■ What you have to do
Exclude pictures and give again exactly the lines of the listing, beginning with its first line and ending with the one that contains "وَلُوطًا إِلَى الْأَرْضِ".

***** Data

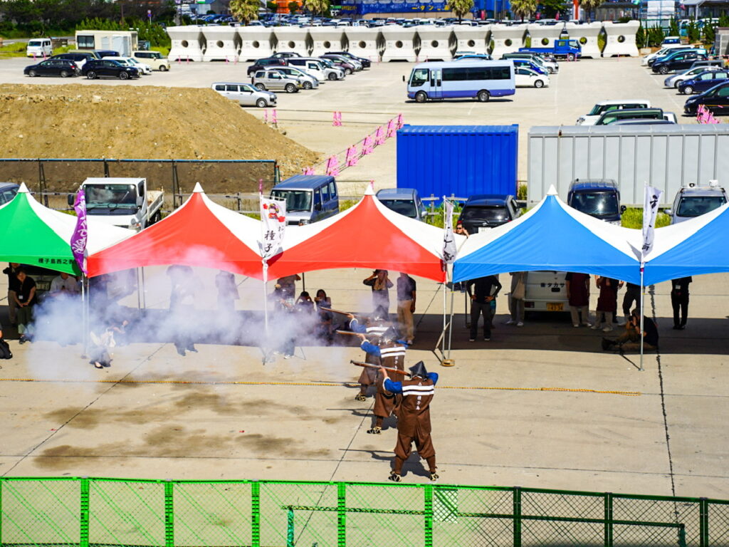 種子島出港のセレモニーは種子島鉄砲太鼓と火縄銃の試射実演を見ながら次の寄港地小松島へ向かいます。
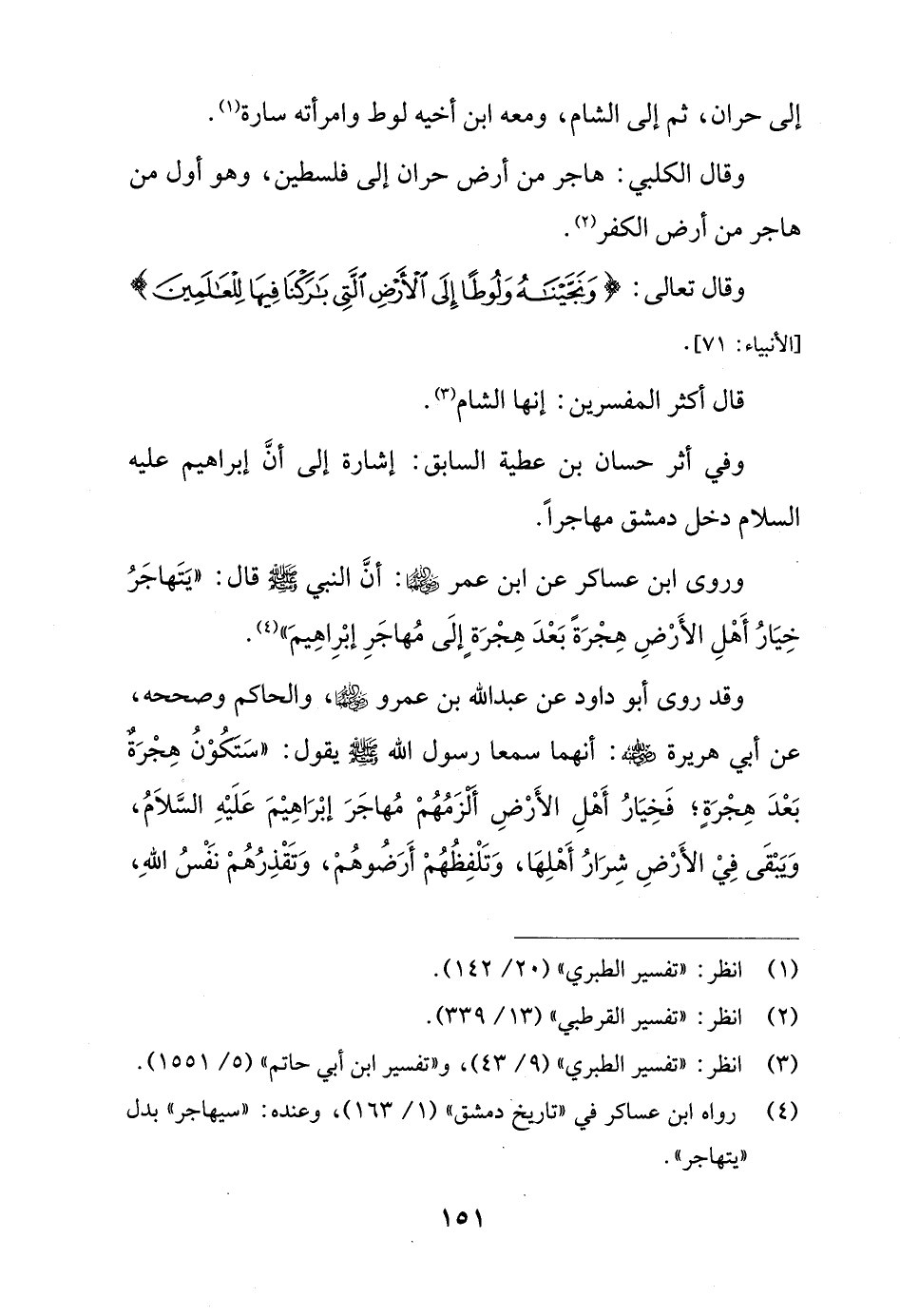 وقال تعالى: {وَنَجَّيْنَاهُ وَلُوطًا إِلَى الْأَرْضِ الَّتِي بَارَكْنَا فِيهَا لِلْعَالَمِينَ} [الأنبياء: 71].
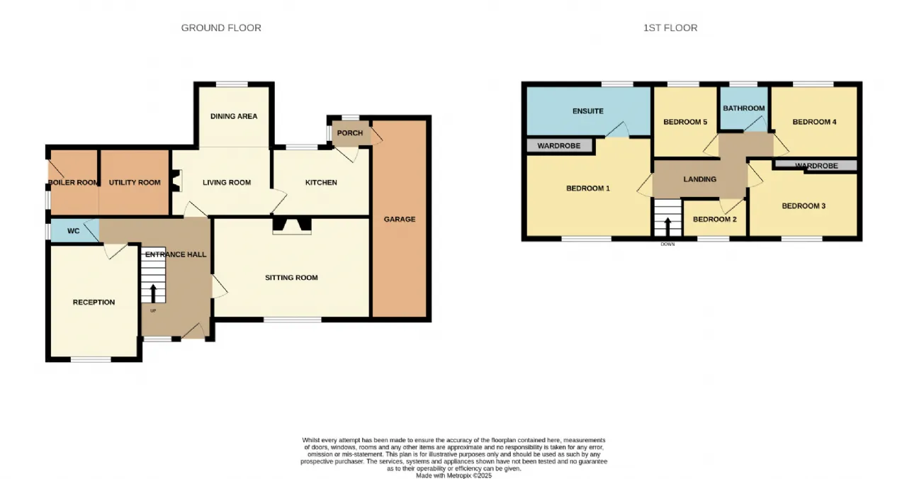 Upstairs there are five bedrooms 1 en-suite and main bathroom. The property needs modernising to bring it to its full potential.
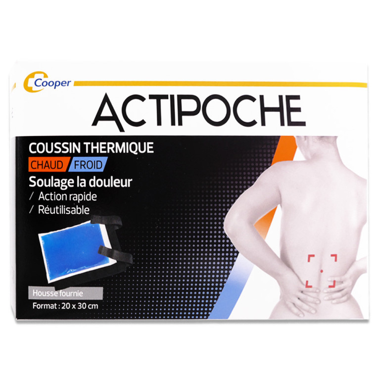 Avant toute utilisation, il est recommandé de lire attentivement la notice d’utilisation ou de se référer aux informations présentes sur l’emballage afin de connaître les précautions d’emploi et les instructions. Utiliser le coussin thermique ACTIPOCHE en le chauffant ou en le refroidissant selon les besoins. Ne pas dépasser 30 minutes d'application. Consulter un professionnel de santé en cas de doute.

**********

■ Reply to the task
 種子島出港のセレモニーは種子島鉄砲太鼓と火縄銃の試射実演を見ながら次の寄港地小松島へ向かいます。
 وقال تعالى: {وَنَجَّيْنَاهُ وَلُوطًا إِلَى الْأَرْضِ الَّتِي بَارَكْنَا فِيهَا لِلْعَالَمِينَ} [الأنبياء: 71].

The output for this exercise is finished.